--- The data Enclosed Below ---

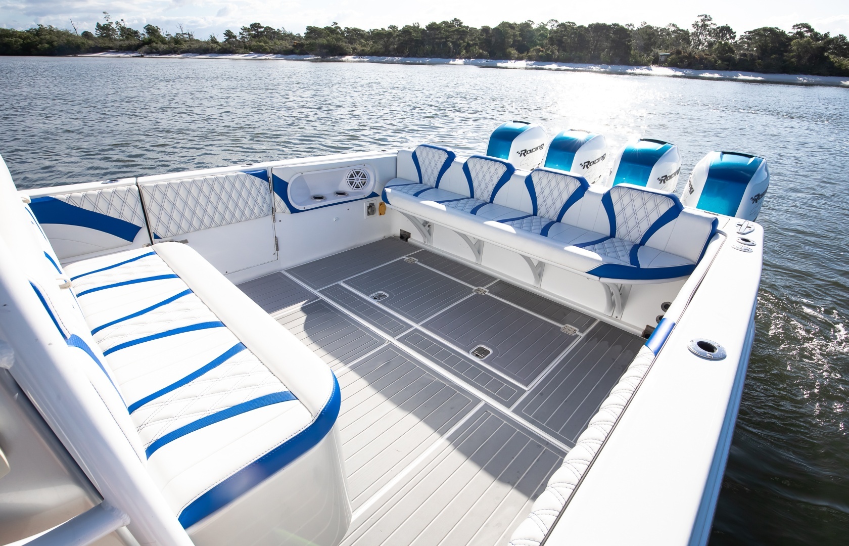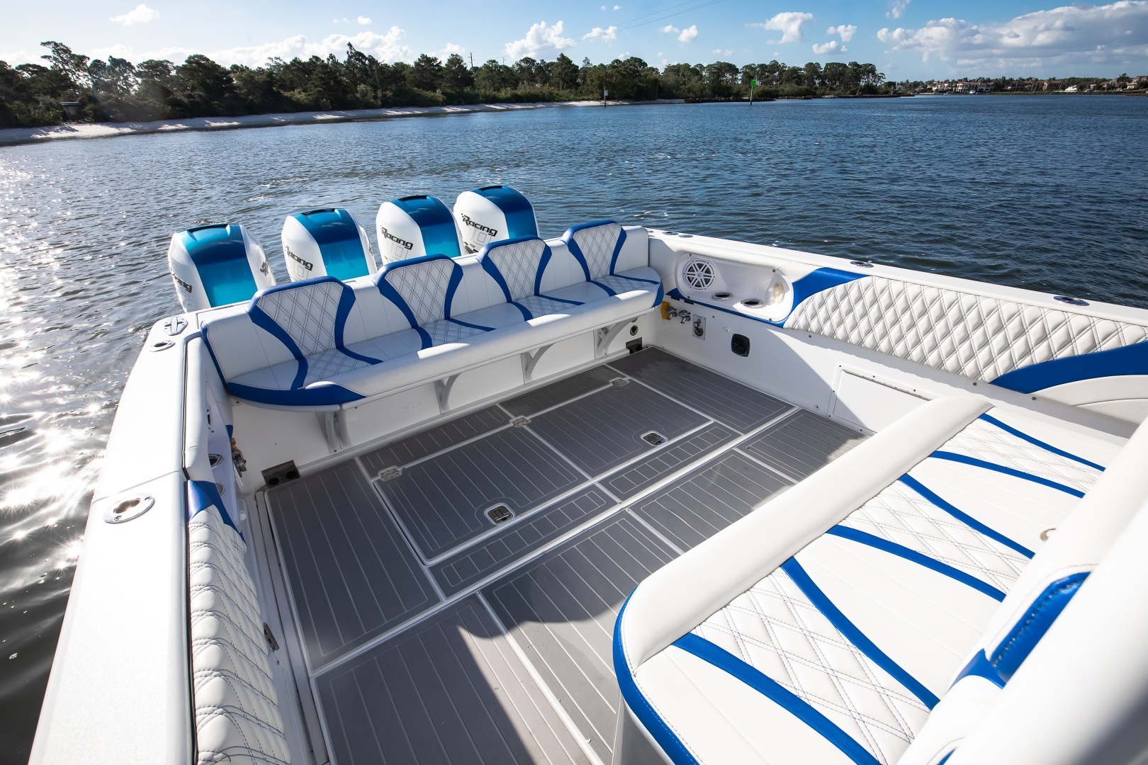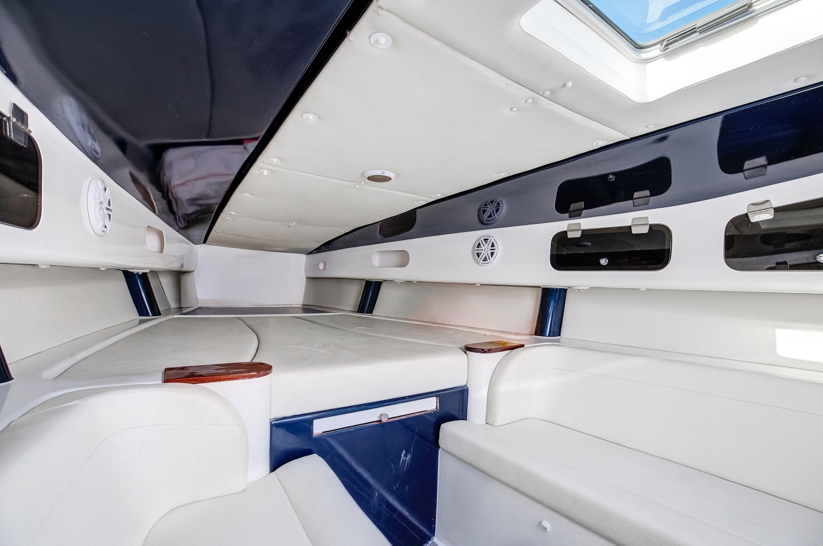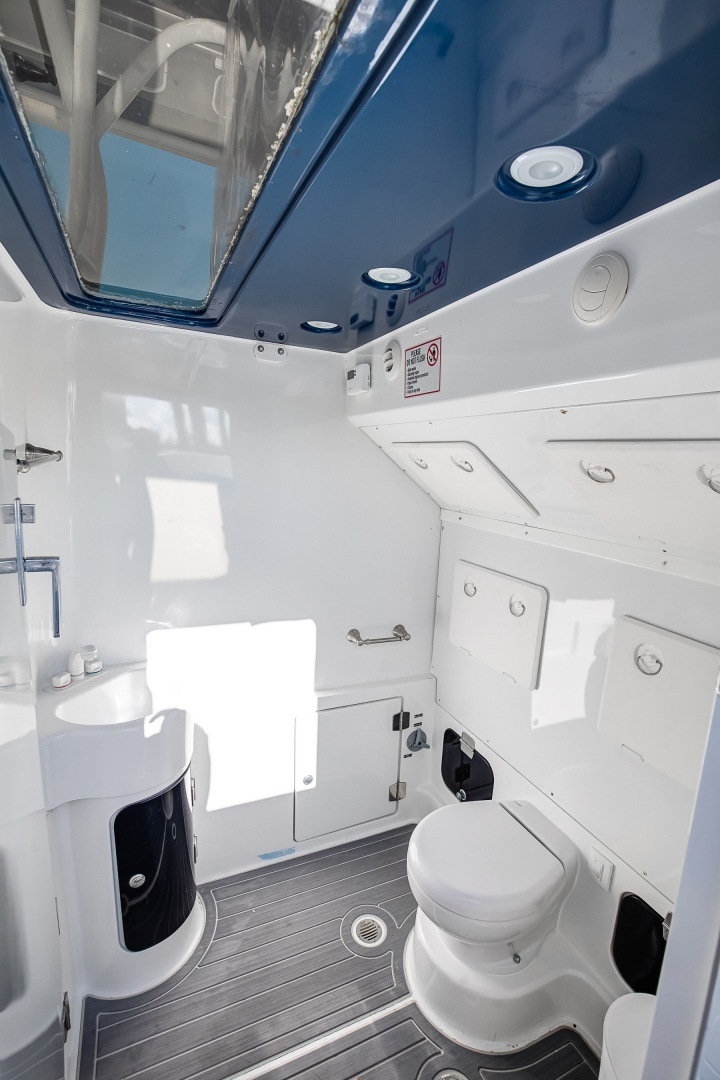 She is well-equipped with premium features including a full Garmin electronics package, JL Audio sound system paired with a Fusion head unit, SeaDek flooring throughout, and a windlass for effortless anchoring. A 2026 Next Gen generator ensures dependable onboard power, while custom paint adds a distinctive, head-turning finish.
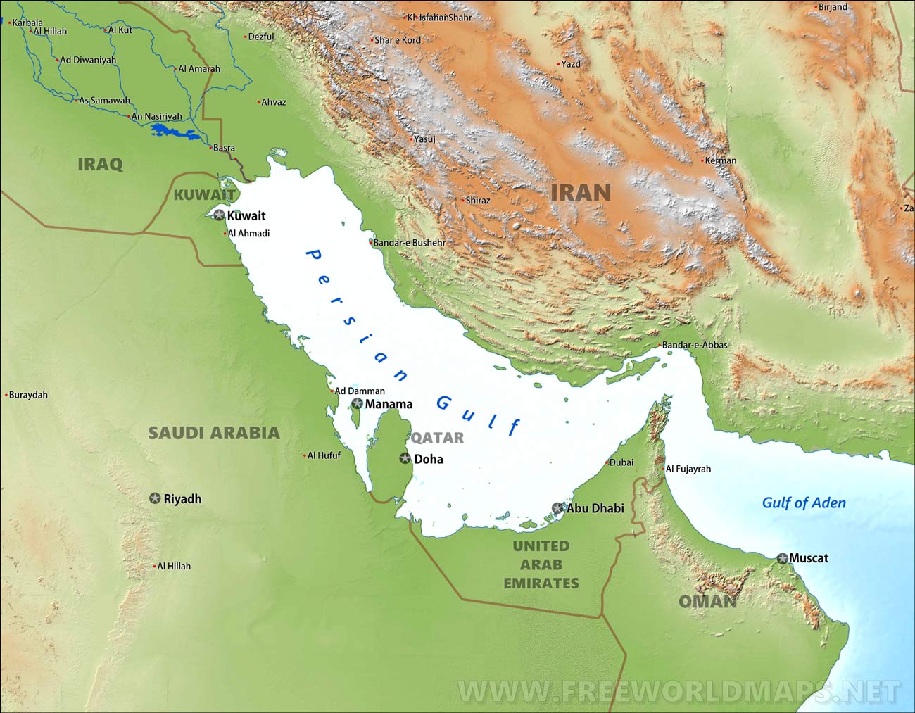 Could not find what you're looking for? Need a special Persian Gulf map? We can create the map for you!Crop a region, add/remove features, change shape, different projections, adjust colors, even add your locations!
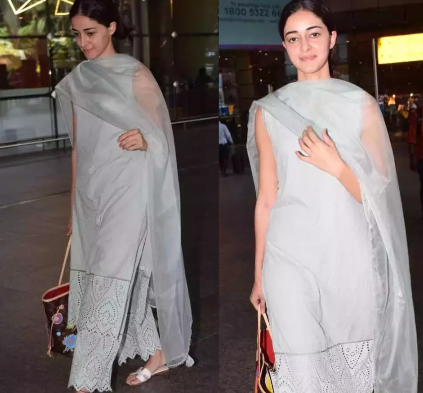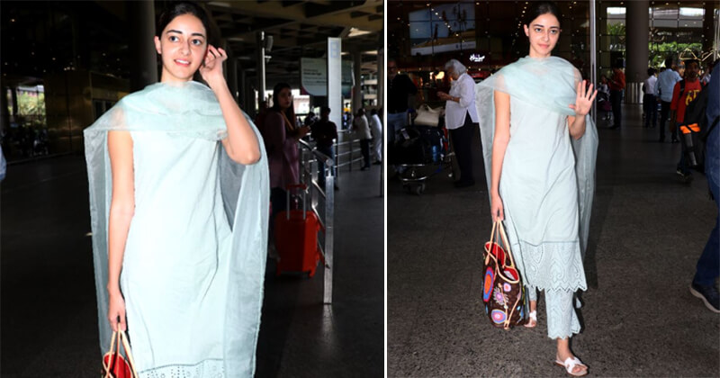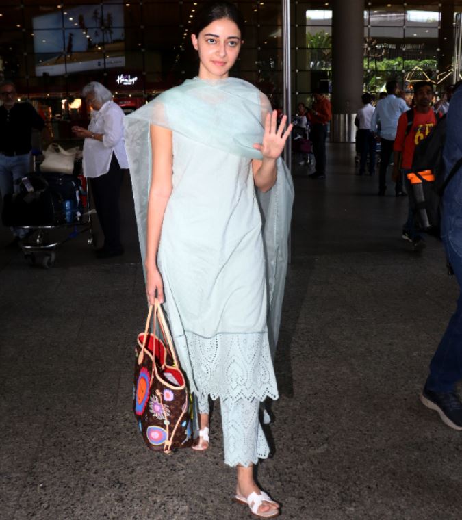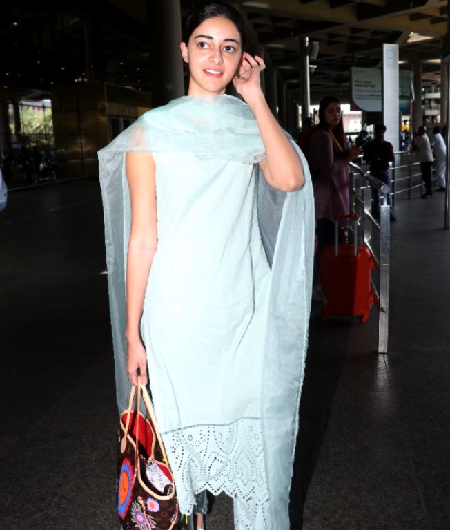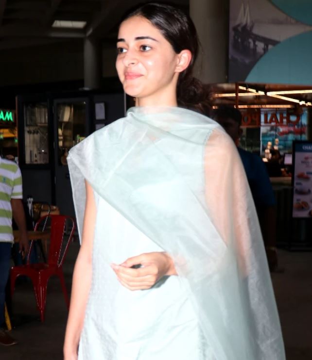 જ્યાંથી તેની તસવીરો સોશિયલ મીડિયા પર ખૂબ વાયરલ થઈ હતી. આ તસવીરોમાં અનન્યા પાંડે સલવાર સૂટમાં ખૂબ જ સિંપલ લુકમાં જોવા મળી હતી અને આ દરમિયાન તેણ ઘણી સુંદર લાગી રહી છે. આ તસવીરોમાં અનન્યા પાંડેએ સિંપલ સ્લીવલેસ સૂટ સાથે પલાઝો કેરી કર્યો હતો અને આ સાથે તેણે દુપટ્ટો પણ કેરી કર્યો હતો.

--- End of Enclosed The data ---

How to complete this task: The task requires that every line above be transcribed exactly, without the images.

Reply to the task:
 She is well-equipped with premium features including a full Garmin electronics package, JL Audio sound system paired with a Fusion head unit, SeaDek flooring throughout, and a windlass for effortless anchoring. A 2026 Next Gen generator ensures dependable onboard power, while custom paint adds a distinctive, head-turning finish.
 Could not find what you're looking for? Need a special Persian Gulf map? We can create the map for you!Crop a region, add/remove features, change shape, different projections, adjust colors, even add your locations!
 જ્યાંથી તેની તસવીરો સોશિયલ મીડિયા પર ખૂબ વાયરલ થઈ હતી. આ તસવીરોમાં અનન્યા પાંડે સલવાર સૂટમાં ખૂબ જ સિંપલ લુકમાં જોવા મળી હતી અને આ દરમિયાન તેણ ઘણી સુંદર લાગી રહી છે. આ તસવીરોમાં અનન્યા પાંડેએ સિંપલ સ્લીવલેસ સૂટ સાથે પલાઝો કેરી કર્યો હતો અને આ સાથે તેણે દુપટ્ટો પણ કેરી કર્યો હતો.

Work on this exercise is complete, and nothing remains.